▶ **PROBLEM DETAILS**
Go to the line with "BB50070002 | TXC晶振" in the records below, then output it and each following line exactly, up to and including the line with "Reception 17'9 x". Skip pictures and add nothing.

▶ **GIVEN RECORDS**
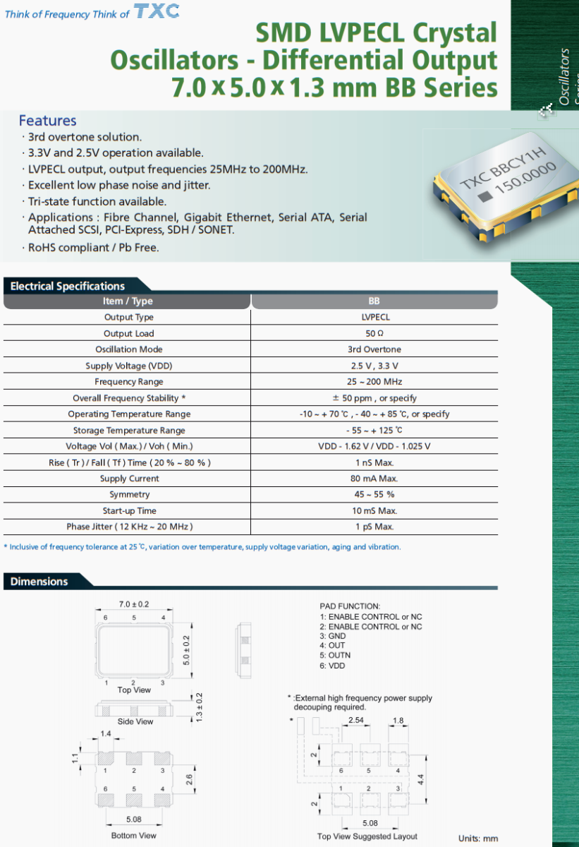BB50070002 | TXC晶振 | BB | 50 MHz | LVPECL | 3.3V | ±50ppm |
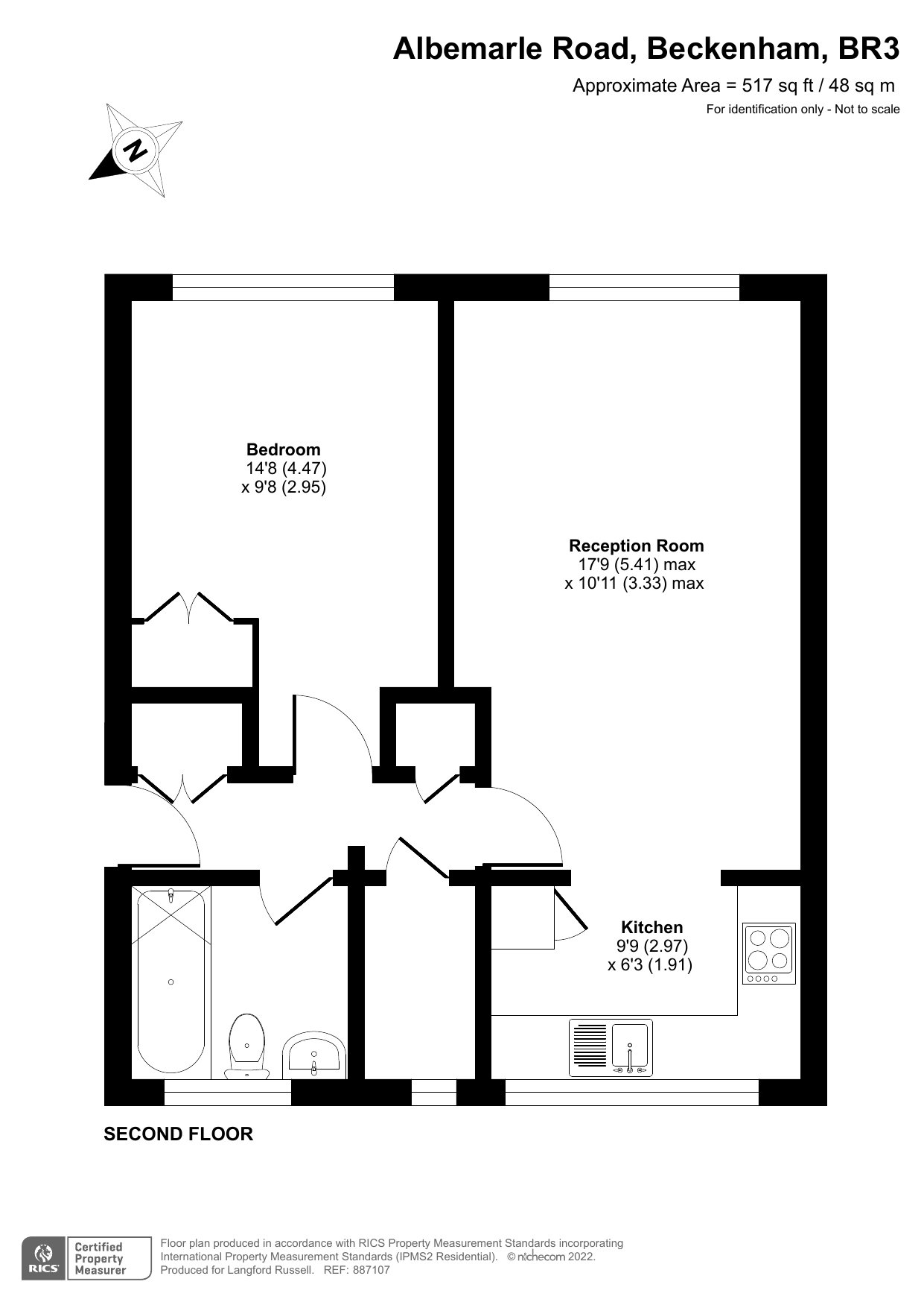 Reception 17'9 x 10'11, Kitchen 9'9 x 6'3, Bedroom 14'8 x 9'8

==

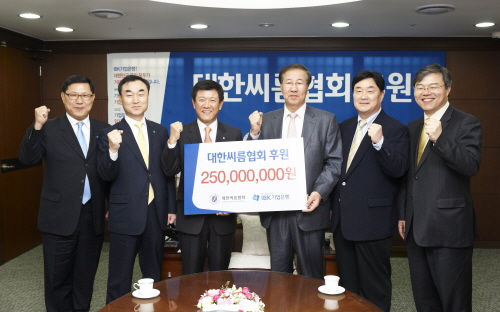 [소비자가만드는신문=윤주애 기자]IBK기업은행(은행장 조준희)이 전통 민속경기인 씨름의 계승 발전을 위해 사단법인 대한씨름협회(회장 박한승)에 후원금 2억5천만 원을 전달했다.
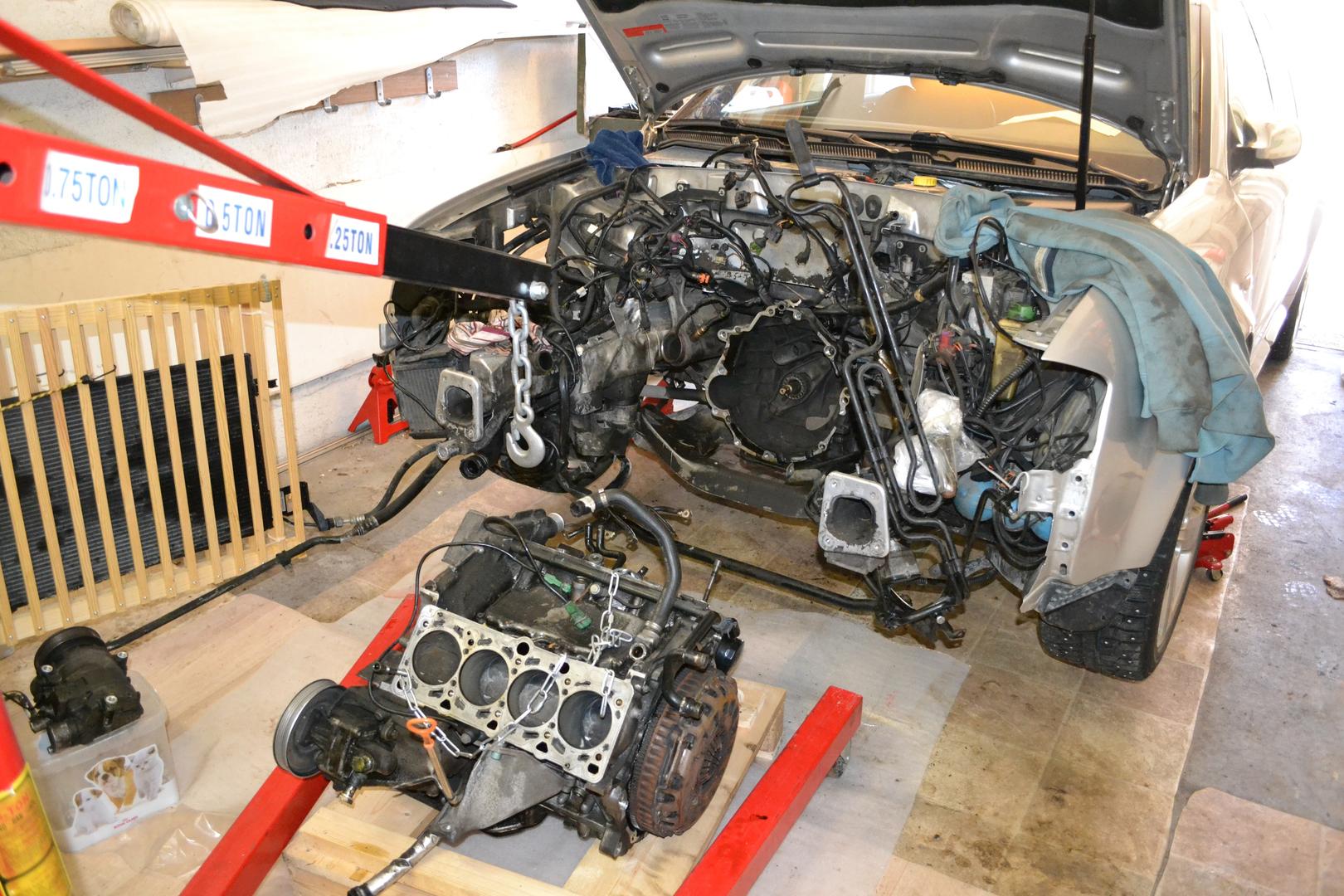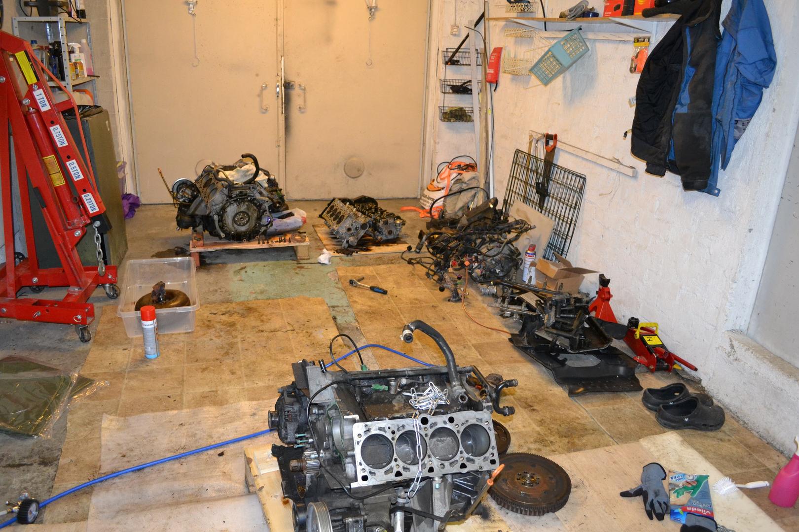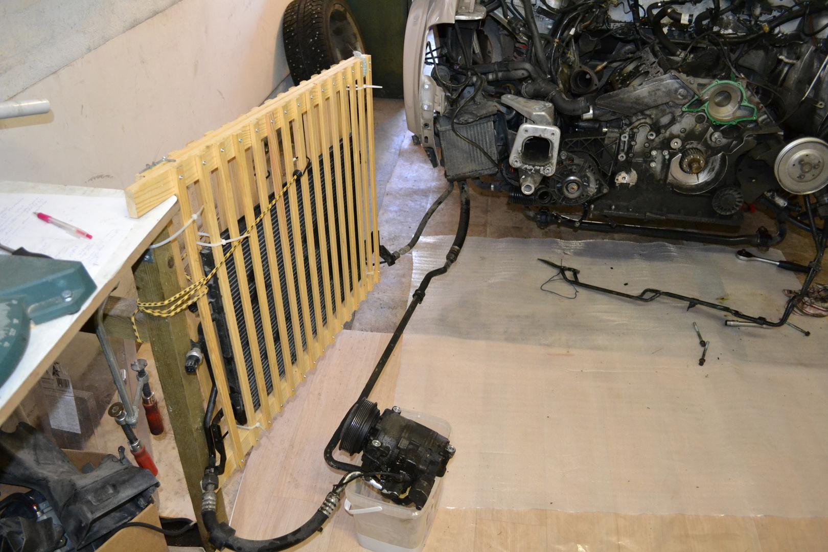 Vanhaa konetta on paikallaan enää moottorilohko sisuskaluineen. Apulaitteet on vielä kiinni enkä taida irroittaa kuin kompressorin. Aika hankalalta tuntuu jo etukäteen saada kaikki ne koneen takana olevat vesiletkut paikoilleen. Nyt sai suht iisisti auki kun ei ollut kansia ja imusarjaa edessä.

==

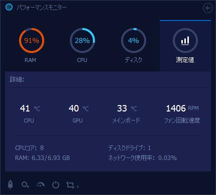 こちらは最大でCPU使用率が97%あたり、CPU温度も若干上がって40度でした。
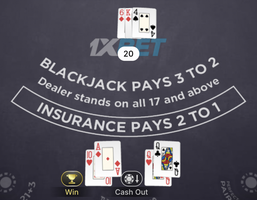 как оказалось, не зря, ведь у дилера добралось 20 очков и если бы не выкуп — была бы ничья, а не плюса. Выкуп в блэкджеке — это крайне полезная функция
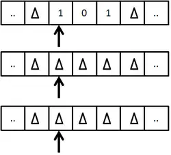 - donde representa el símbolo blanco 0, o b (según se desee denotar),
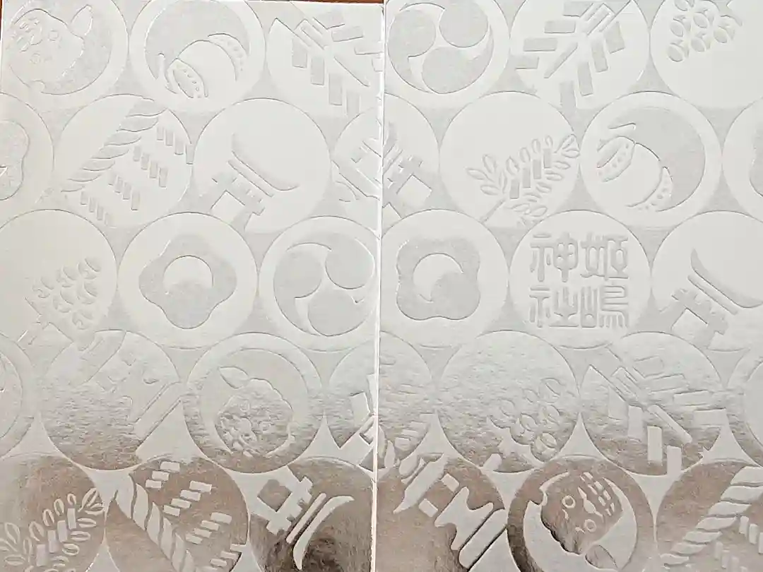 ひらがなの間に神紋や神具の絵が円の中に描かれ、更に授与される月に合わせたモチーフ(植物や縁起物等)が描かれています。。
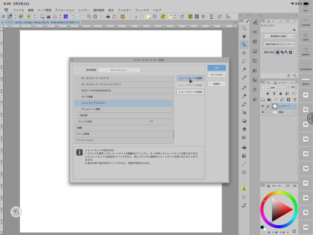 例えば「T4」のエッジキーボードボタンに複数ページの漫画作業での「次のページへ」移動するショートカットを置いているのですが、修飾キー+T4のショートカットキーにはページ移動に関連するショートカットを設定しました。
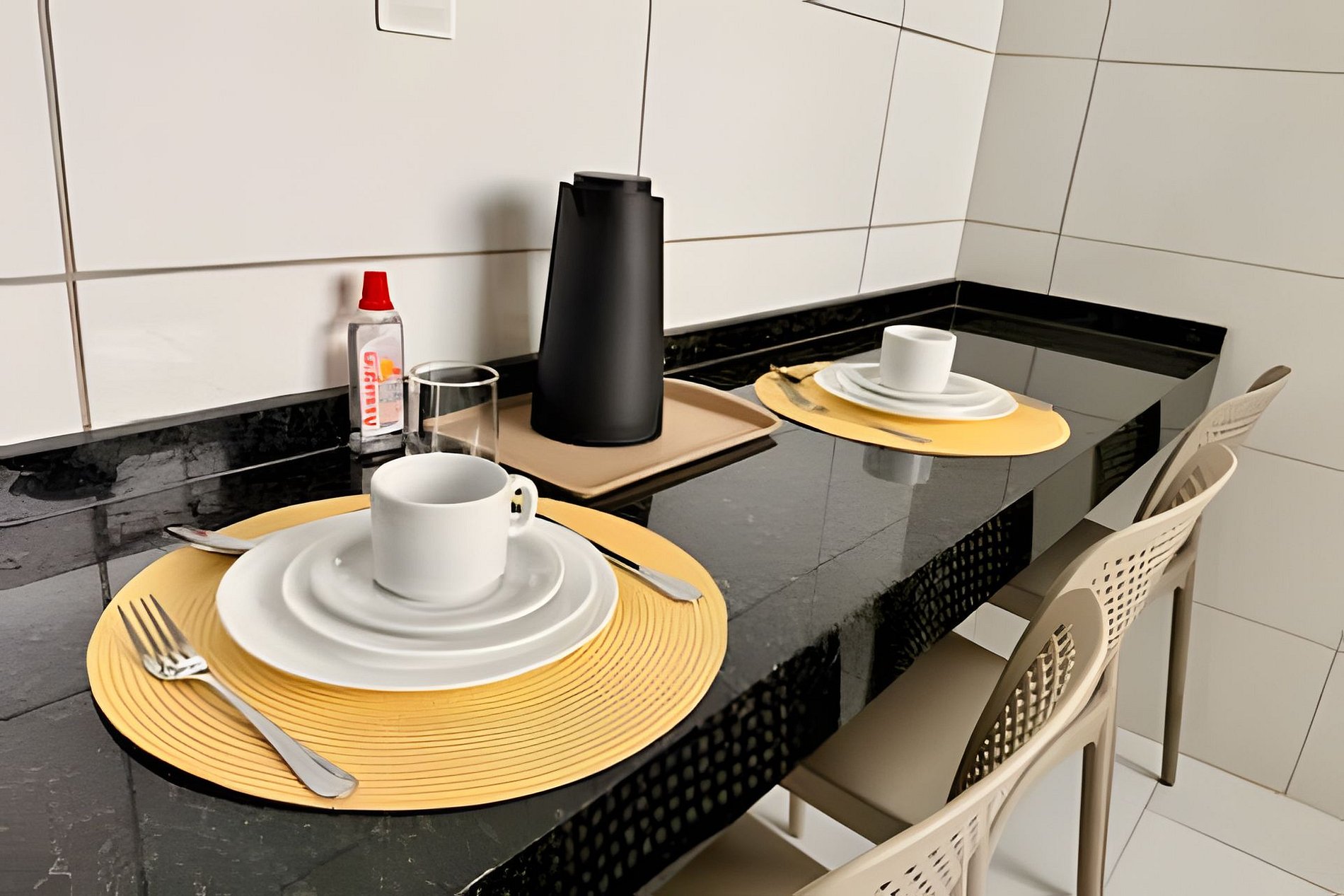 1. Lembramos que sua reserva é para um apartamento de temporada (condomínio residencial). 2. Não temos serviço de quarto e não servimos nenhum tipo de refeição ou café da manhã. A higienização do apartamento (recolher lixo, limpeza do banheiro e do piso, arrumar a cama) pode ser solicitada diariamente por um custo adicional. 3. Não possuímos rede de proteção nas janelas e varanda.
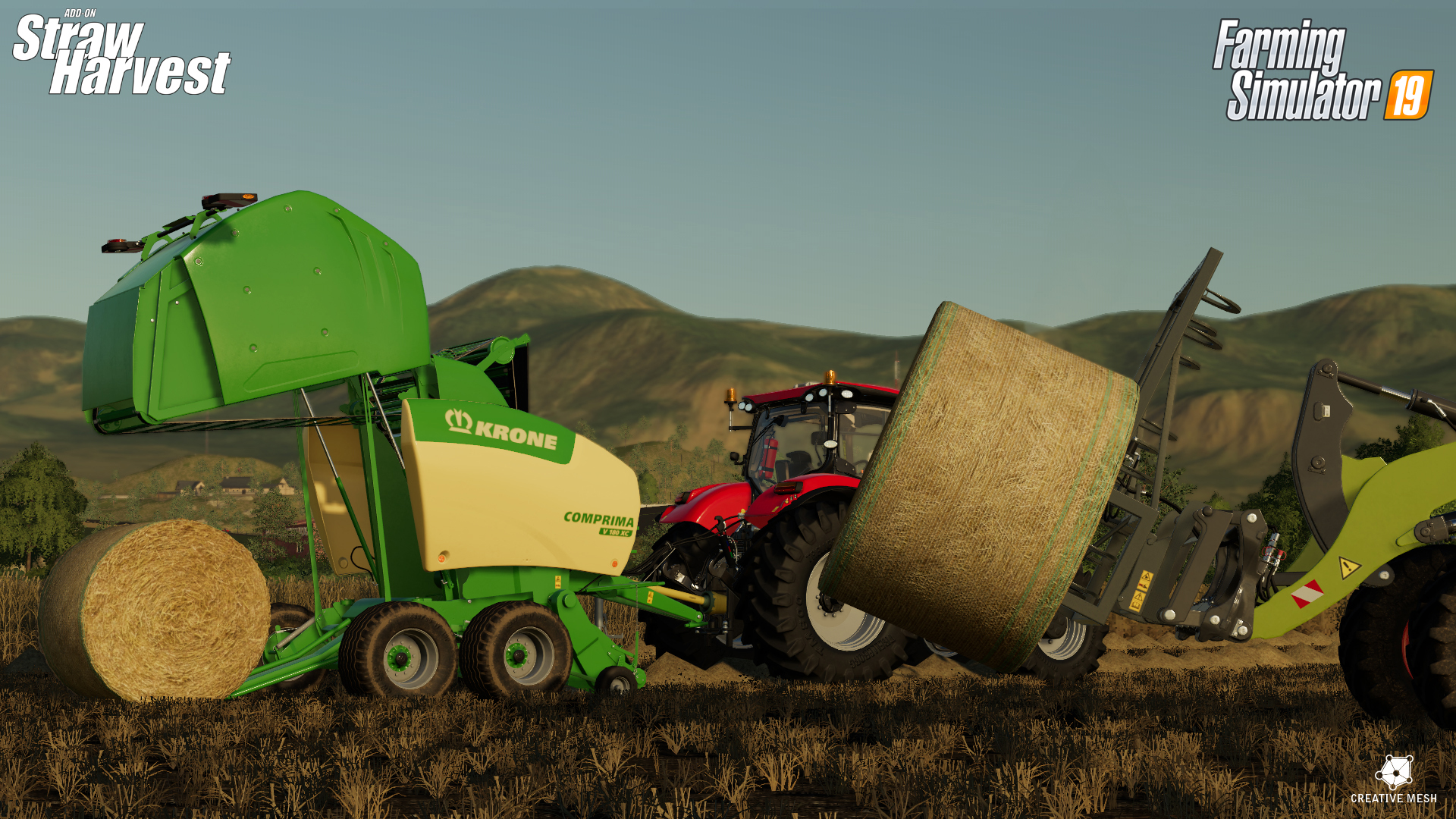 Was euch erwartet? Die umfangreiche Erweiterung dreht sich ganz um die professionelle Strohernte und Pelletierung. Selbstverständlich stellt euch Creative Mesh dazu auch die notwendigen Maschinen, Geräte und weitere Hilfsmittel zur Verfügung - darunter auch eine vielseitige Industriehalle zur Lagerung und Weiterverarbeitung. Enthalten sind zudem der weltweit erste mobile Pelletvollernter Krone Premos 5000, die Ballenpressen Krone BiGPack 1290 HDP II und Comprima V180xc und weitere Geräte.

▶ **RESPONSE AREA**
BB50070002 | TXC晶振 | BB | 50 MHz | LVPECL | 3.3V | ±50ppm |
 Reception 17'9 x 10'11, Kitchen 9'9 x 6'3, Bedroom 14'8 x 9'8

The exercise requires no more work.